2.3. Accounting for distortions

2.3.1. Digital images

So far, we have assumed we had an analog camera, so the image coordinates lived in a continuous space. However, most often we deal with digital images. Since the information needs to be stored in bits, we need to both discretize the locations at which we sample the image, and quantitize the values we measure.

Discretization and Quantization
Illustration of the effects of sampling along the temporal dimension and quantizing the measured signal amplitud.

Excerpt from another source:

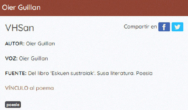 Etxegiroan taldekoen webgunean haur- eta gazte-literaturako eta helduen literaturako euskarazko testuak daude entzungai. Testuak, hotsak, doinuak jaso eta... audioen bildumak egin dituzte. Poemak, narrazioak, ipuinak edota iritzi artikuluak jasotzen dituzte, oso egokiak entzumena eta ulermena lantzeko, bai helduentzat eta baita haurrentzat ere. Kalitate handiko audioak daude tartean. Baita literatura aldetik aberatsak ere. Audio honetan Oier Guillanen 'VHSan' izeneko pasarte bat entzungo dugu. 'Eskuen sustraiak' liburutik hartuta. Susa literatura. Poesia

Since we are focused on the spatial mapping, the effect we care about is the discretization that takes place in the projected image. If we use squared pixels, we will get something as displayed below:

2D Discretization
Depiction of the effects of capturing a real world object (left) as a 2D digital image, which only allows to store a discrete number of values at a discrete set of 2D pixel locations.

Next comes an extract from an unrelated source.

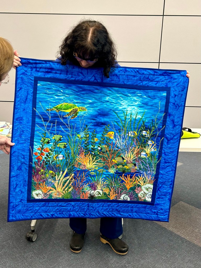 As usual, the Show and Tell part of the meeting was awesome. There is so much talent in this group, but there are beginning quilters too, and I do so like a mixture of quilter types in a quilt group. Thus, each month many types of quilts are shown, including modern, traditional, art, and…more. The program for this month discussed and demonstrated how to make wave and scallop borders.
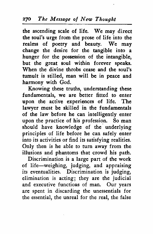 the ascending scale of life. We may direct the soul's urge from the prose of life into the realms of poetry and beauty. We may change the desire for the tangible into a hunger for the possession of the intangible, but the great soul within forever speaks. When the divine throbs cease and the soul's tumult is stilled, man will be in peace and harmony with God.

The length of the pixel side is given by the width (height) of the image divided by the number of pixels along the corresponding dimension $N_x$ ($N_y$):

$$ \begin{equation} \Delta=\frac{W}{N_x}=\frac{H}{N_y} \end{equation} $$

We can now express the image coordinates using the pixel length as its units. That is to say, both the image dimensions and the focal length can be defined in pixels:

$$ \begin{equation} f=f_I\cdot\Delta,\;\;\;\;\;\;\;\; W=W_I\cdot\Delta,\;\;\;\;\;\;\;\; H=H_I\cdot\Delta \end{equation} $$

As a result, if we want to obtain the projected coordinates in this discretized image space, we simply need to tweak slightly our intrinsic matrix:

$$ \begin{equation} K=\begin{bmatrix} \frac{f}{\Delta} & 0 & \frac{W}{2\Delta}\\ 0 & \frac{f}{\Delta} & \frac{H}{2\Delta}\\ 0 & 0 & 1 \end{bmatrix} = \begin{bmatrix} f_I & 0 & \frac{W_I}{2}\\ 0 & f_I & \frac{H_I}{2}\\ 0 & 0 & 1 \end{bmatrix} \end{equation} $$

So what happens if instead we have non-squared pixels?

$$ \begin{equation} \Delta_x = r\cdot\Delta_y \end{equation} $$

2D Recangular Discretization
Effect of using rectangular (non-squared) pixels for the 2D digital image that captures the real world object.

Well, that is how we end up with two different focal lengths along each dimension:

$$ \begin{equation} W=W_I\cdot\Delta_x \end{equation} $$

$$ \begin{equation} H=H_I\cdot\Delta_y \end{equation} $$

$$ \begin{equation} f=f{_I}_x\cdot\Delta_x \end{equation} $$

$$ \begin{equation} f=f{_I}_y\cdot\Delta_y \end{equation} $$

which leads to the common definition of the intrinsic matrix (we have dropped the subindex $I$ for ease of notation)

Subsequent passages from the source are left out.